Several years ago, Senators Max Baucus and Charles Grassley asked the Congressional Budget Office to whip up an analysis of income inequality in America. It took awhile to piece together, but the report’s now out, and the picture’s quite stark. The incomes of the wealthiest 1 percent have nearly tripled since 1979. Everyone else? Not so much.

Now, note that this graph only goes up to 2007. Evidence suggests that the wealthiest 1 percent took a sizeable hit after the financial crisis. Though, as this chart shows, the incomes of the top 1 percent typically plummet during recessions and financial crashes, only to rebound quickly in the years that follow.

The CBO has a range of theories for why the top 1 percent has done so disproprtionately well. Changes in technology could have increased the returns to “superstar” actors and musicians — cheap mass media means it’s easier for entertainers to reach a wider audience. Corporate executives, meanwhile, have seen large pay increases since 1979, possibly because firms have gotten bigger and more complex, and possibly because weak corporate governance structures have allowed them to overpay themselves. (The CBO prefers the first theory.) What’s more, for a variety of reasons, the U.S. financial sector has ballooned since 1979, increasing the returns for those working in it.
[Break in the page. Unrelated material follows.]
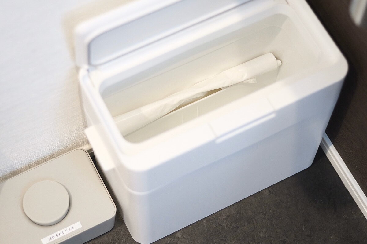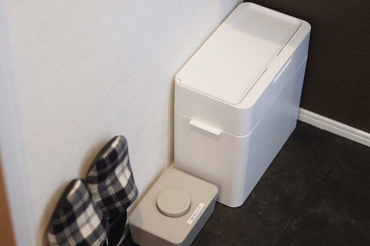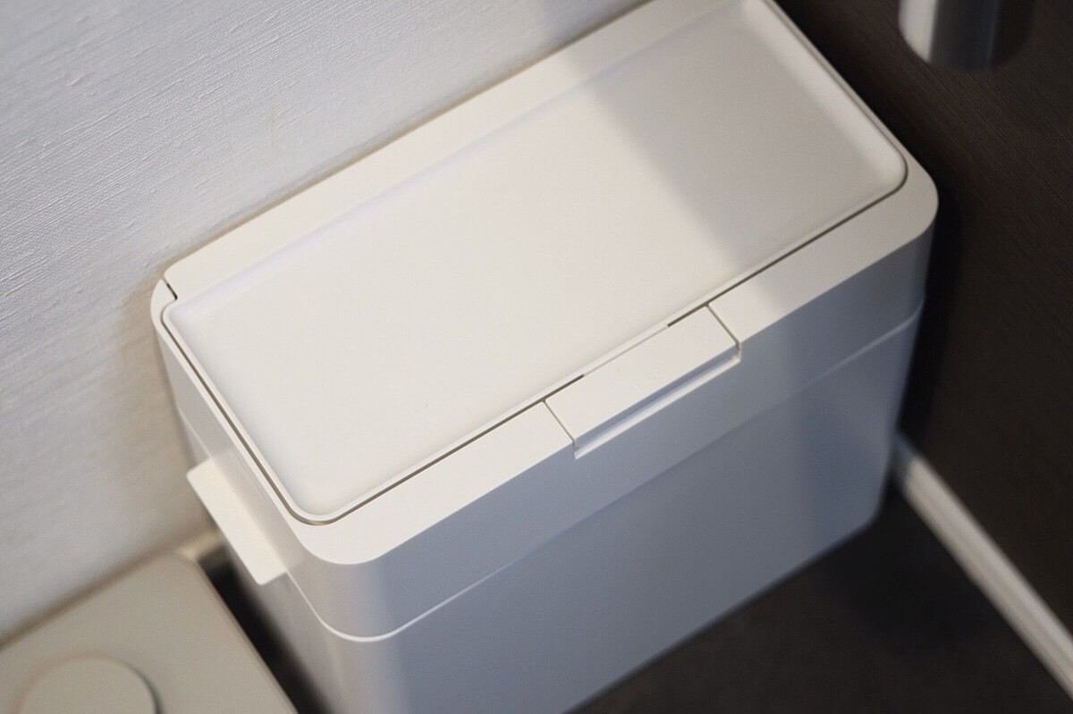 大きな丸いバケツを置くとトイレが狭くなっちゃうわ。という方でも、このシールズ9.5の密閉ダストボックスなら省スペースで置けます。

Another big finding from the CBO report is that public policy has actually become less effective at curbing inequality over time. That’s what the graph shows. The U.S. tax code and transfers — programs like Social Security or Medicaid — do less now to mitigate pre-existing income inequality than they did in 1979.

The full CBO report has a lot of great information, and it’s really worth a browse. Kevin Drum highlights another set of charts showing that inequality in labor income hasn’t really changed much between 1979 and 2007. On the other hand, business income has become much, much more concentrated at the top, “probably,” Drum notes, “due to the growth of high incomes among privately owned professional firms (law, medicine, and finance).” Meanwhile, capital income — dividends, rental income — has become much more unequally distributed as well.